Just pick one and start writing. Set a timer for 10 minutes (or whatever length of time you like) and write words. If the words don’t come, write about how they’re not coming. Describe your fingers sitting on the keyboard or tapping on the table. Describe yourself. Write about your desk.

Prompts are great because your only goal is to write for a certain amount of time.

Your writing doesn’t have to meet any standards and no one ever has to read it. But it’s a great exercise to help get your brain going.

5. Read

If the words still aren’t coming, grab a good book and start reading.

But if you write about the book, it might be even more helpful. Read a chapter and then write about that chapter. Write about your favorite character or favorite scene. Describe your thoughts and what you might do differently. Hypothesize about a character’s motivations or what might happen next.

But be sure not to compare yourself to the author. Just enjoy the story and, hopefully, it will help your own story keep spinning along in your mind and on the page.

However you work to conquer writer’s block, don’t worry about it too much. It’s only a temporary ailment. These techniques should help you shake up your routine enough to get back on track with your writing.   

How do you beat writer’s block? Tell us in the comments below.

Filed Under: Craft


  • DC says:

    I find gazing at a candle is great-the self-trancing’ will allow ideas to come to you more freely. Also leaning on the other things you like to do, for instance biking really gets my creativity going!

  • Music works wonders for me too. I have certain types of music I listen to for specific genres that always get me in the mood to write. If I start a writing session that way, writers block is hardly ever a problem.

    Great tips in your post too 🙂

  • My personal favorite through the years has been Number 4, writing a short passage in response to a creative prompt within a set period of time. I call it a “writer’s sketch,” and I liken it to the sketchbook every visual artist would keep. As a painter’s sketch allows the artist to experiment with new techniques while stoking his creative impusles, a writer’s sketch helps me polish skills and tap into hidden wells of inspiration.

    As an editor, I have recommended this exercise to clients, and I even offer collections of prompts or “sketch starters” that have proven powerful for a number of writers.

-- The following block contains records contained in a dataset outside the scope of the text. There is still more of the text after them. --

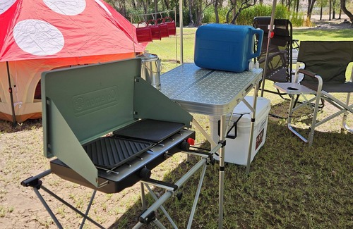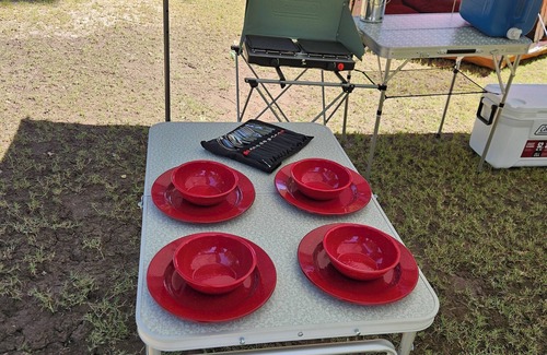 Our largest tent is set up for comfort and connection, featuring a queen cot with an air mattress, a queen-size sleeping bag, two pillows, and a lightweight comforter. Bringing the kids or a couple of extra adventurers? We can add two comfy floor mats, each with a big-and-tall sleeping bag, pillows, and their own cozy comforters. The tent can easily sleep six, and if you're up for some extra bonding, it can fit up to eight (just bring along extra bedding). This camp kitchen is ready for up to four guests. If you're bringing a few extra campers, no worries—we’ll include disposable dishes so everyone has what they need to dig in and enjoy. It’s the perfect setup for family camping fun! Each kitchen includes a shade tent, two-burner propane stove, plates, bowls, mugs, and utensils for four. A 9-cup percolator, coffee, and drinkable well water are provided. You'll also have all the essentials for camp cooking—pots, pans, mixing bowls, and utensils—ready to go. Guests have access to our full 120 acre ranch and surrounding BLM land to relax, hike, nature watch, and explore. Board games, lawn games, and a small library are provided for all guests free of charge. Each campsite has a portable toilet with privacy structure (they're not fancy, but it'll do!) and a solar heated shower. Because this is a working ranch with livestock and herding dogs, we do not allow any animals, other than trained service animals on the property. This is to protect both our animals and yours.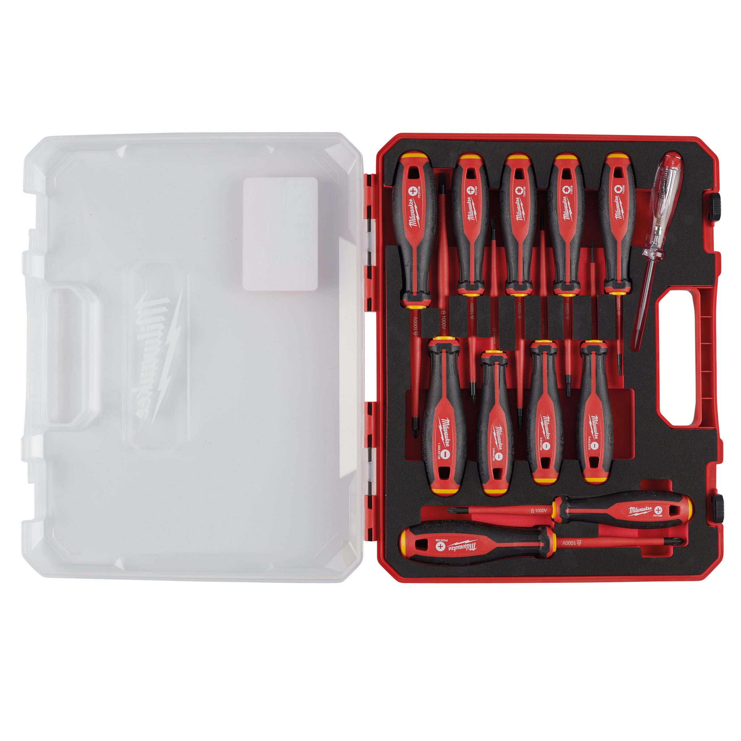 Milwaukee 12 Piece Tri-Lobe VDE PZ PH SL TX Screwdriver Set Inc. Hard Case - 4932479095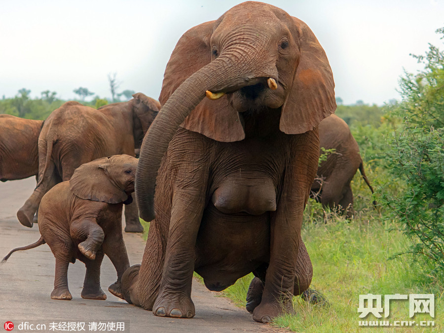2016年4月26日报道,南非克鲁格国家公园内,一头大象妈妈带着它的幼崽以及其它几头大象在散步。比较逗趣的是这位初为妈妈的母象竟然顶着一对丰满乳房,身材傲人很是吸人眼球。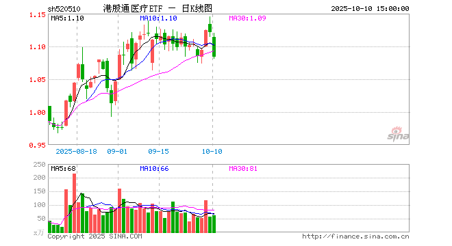 10月10日港股通医疗ETF(520510)份额减少100.00万份,最新份额2.32亿份,最新规模2.49亿元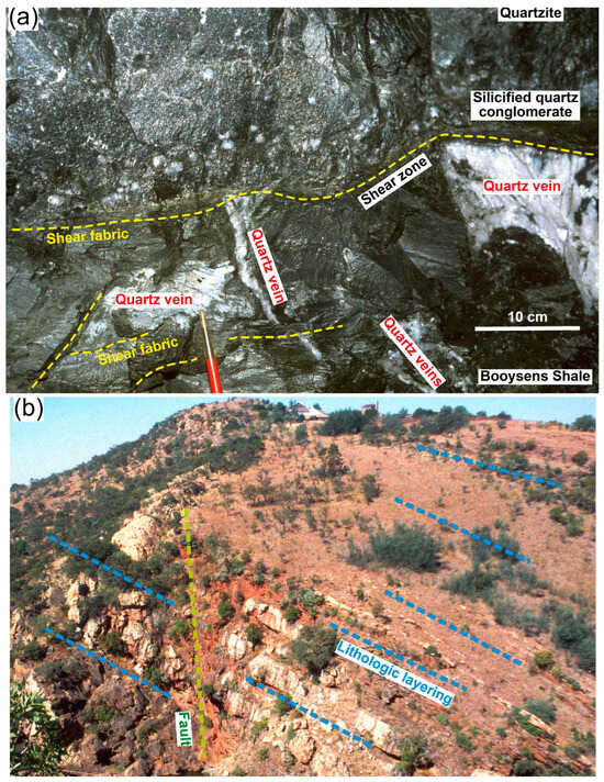 42. Roering, C.; Smit, C.A. Bedding parallel shear thrusting and quartz vein formation in Witwatersrand quartzite. J. Struct. Geol. 1987, 9, 419–427. [Google Scholar] [CrossRef]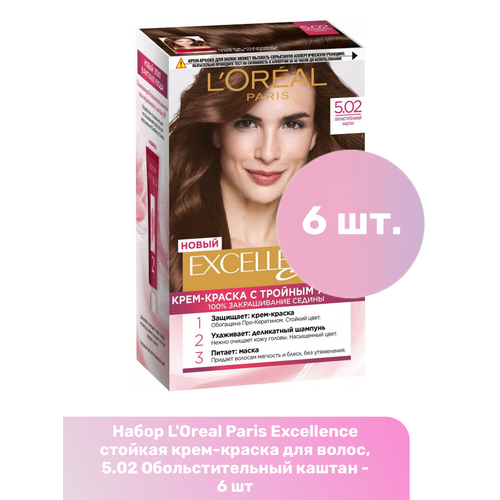L’Oreal Paris Excellence стойкая крем-краска для волос, 5.02 Обольстительный каштан — 6 шт: сравнение цен, характеристики, фото, актуальное наличие и цены.
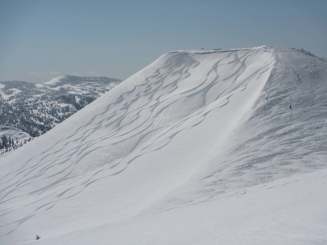 30分ほどして小岳へシール登行する。13時10分に小岳山頂に着いた。大岳と井戸岳・赤倉岳、高田大岳と景色は最高だが、ここは風が強いので寒い。風を避けてシールを剥ぐ。山頂付近はガリガリで、一段降りて高田大岳の鞍部へ滑り込むと何といい雪か!楽しい限り。少しトラバースする所では硬い雪に注意した。そして、沢目に滑って行く所では最高のドライパウダーがありノートラックを探して滑る。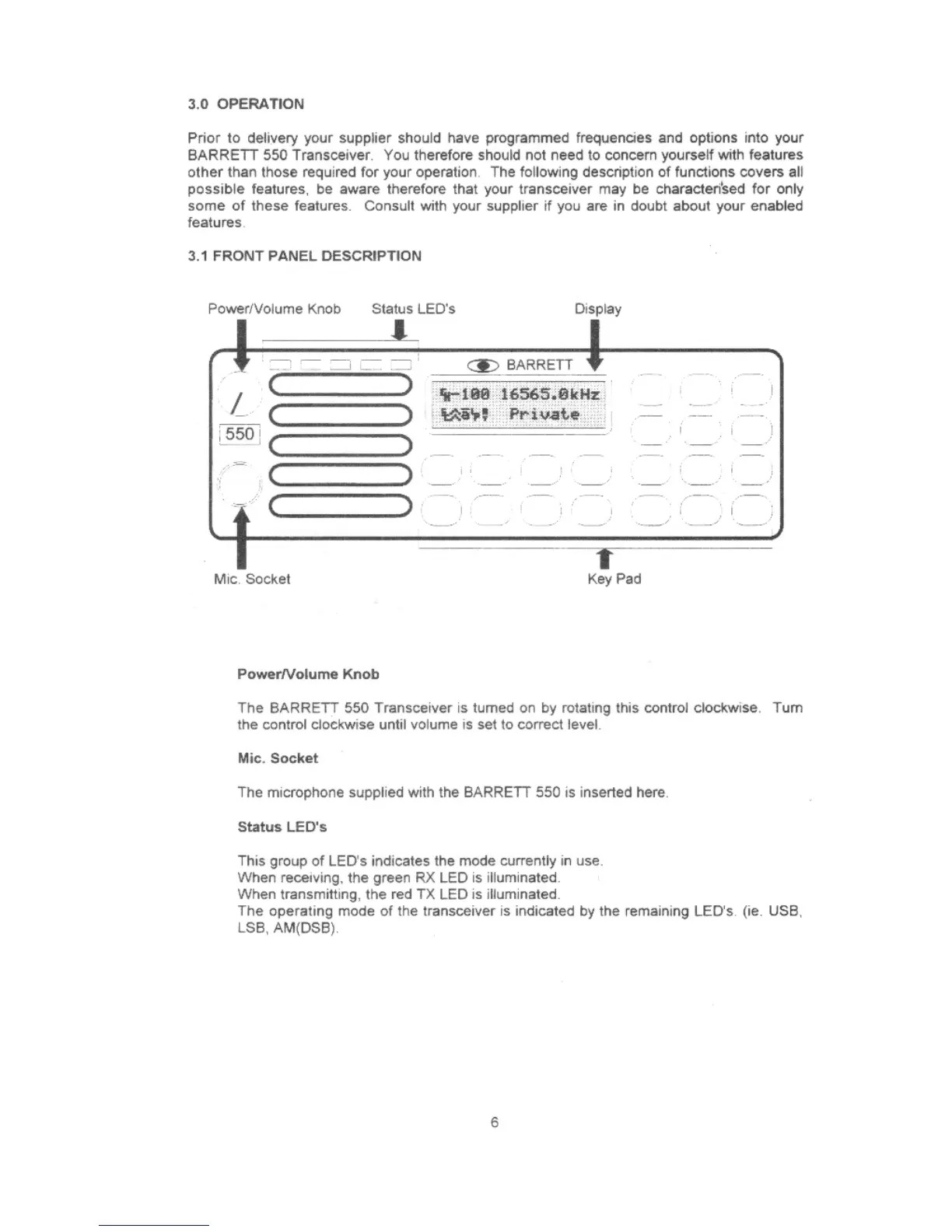Barrett 550 - Transceiver Operation; Front Panel Description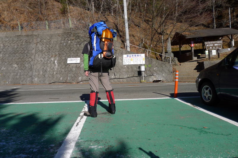 そうは言っても、実際は喘ぎながらの歩きです。特に登山口から夜叉神峠(小屋のあるところ)までは、寒いし背中のザックは重いし調子が上がりませんでした。その間を1時間20分もかかってしまったのですが、辛いのなんのって、こんなことは日高山脈以来の久しぶりのことです。それでも、杖立峠からは通常のピッチに戻り、山の地図の所要時間を短縮しながら登って行きます。しかし、下山翌日には激しい筋肉痛に見舞われました。やはりものには限度があるということです。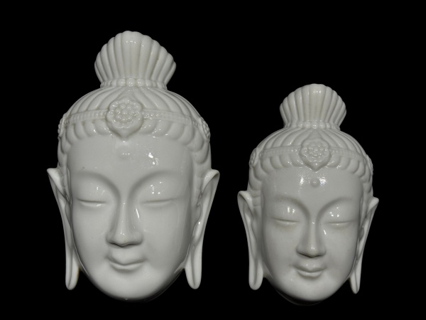 • PORCELANAS, duas (2) esculturas decorativas de parede em porcelana branca, representando faces de divindade oriental (Buda), com expressão serena, olhos semicerrados, orelhas alongadas e adorno floral frontal, acabamento esmaltado brilhante, maior medindo 16x9cm e menor 13x8cm.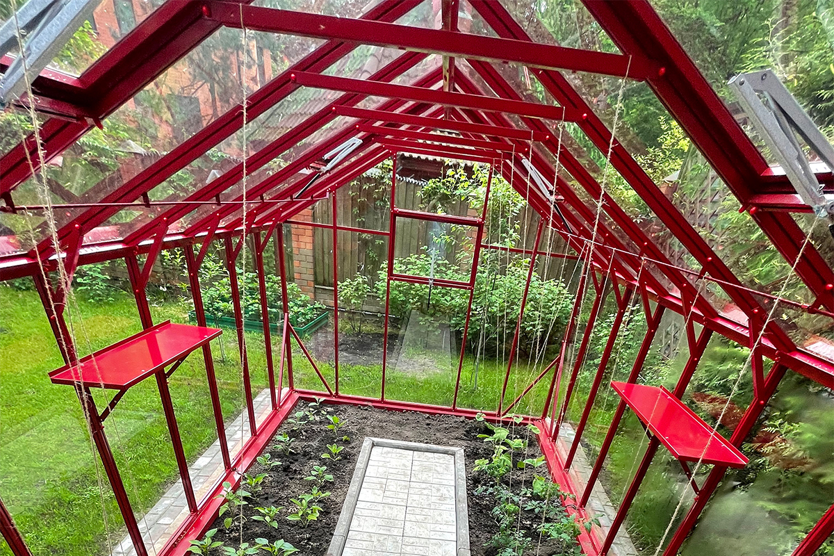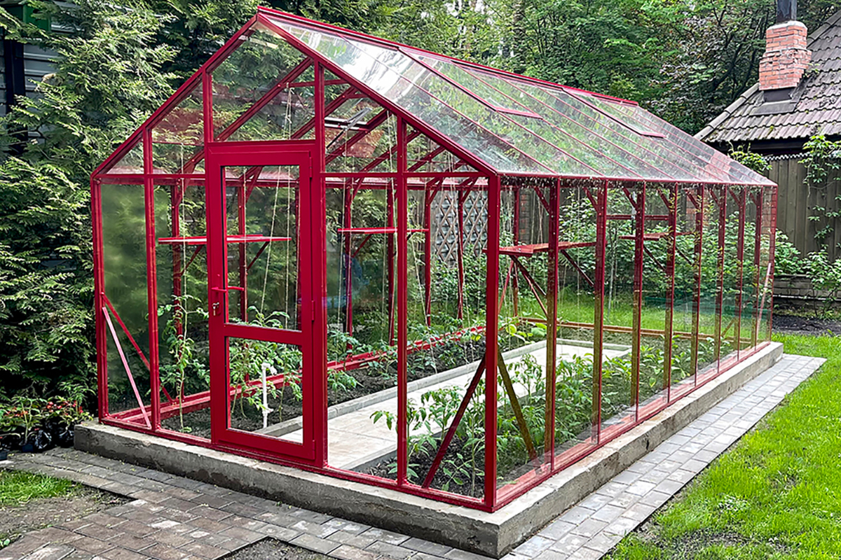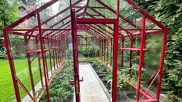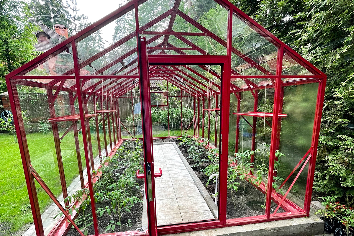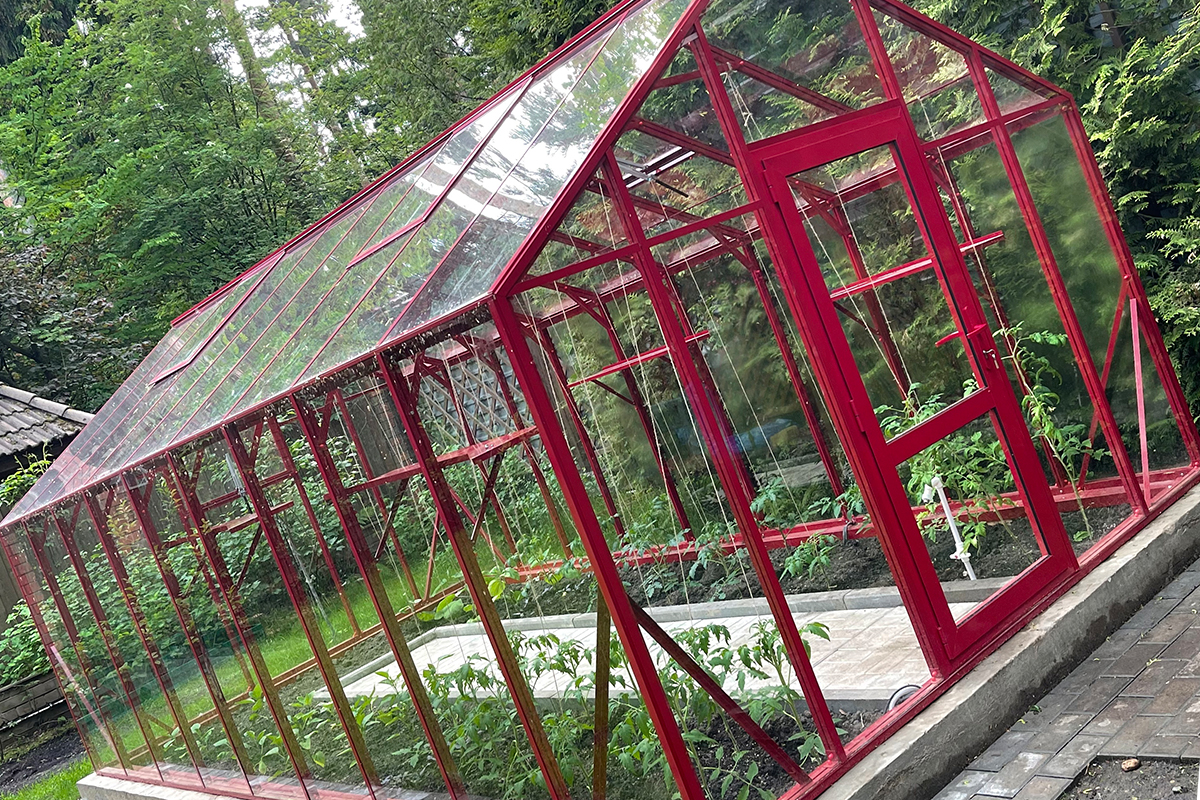 Теплица БИОНИКА Классик – яркая архитектурная доминанта участка, проект для ведущей телевидения Первого канала. Насыщенный цвет задаёт характер пространства, подчёркивая геометрию и делая теплицу выразительным акцентом в окружении.

    I wish you success with whatever technique works for you!

    Trish O’Connor
    Epiclesis Consulting LLC
    Editorial Services and Writer’s Resources

  • Dynasti Carson says:

    I read books regularly, so when I can’t think of a word, or a word I think of is “dead,” then I think about how other authors have described scenarios and the like. It is very helpful.

  • Tina says:

    I find reading a great cure to writer’s block. I also find music and writing anything at all, even a grocery list.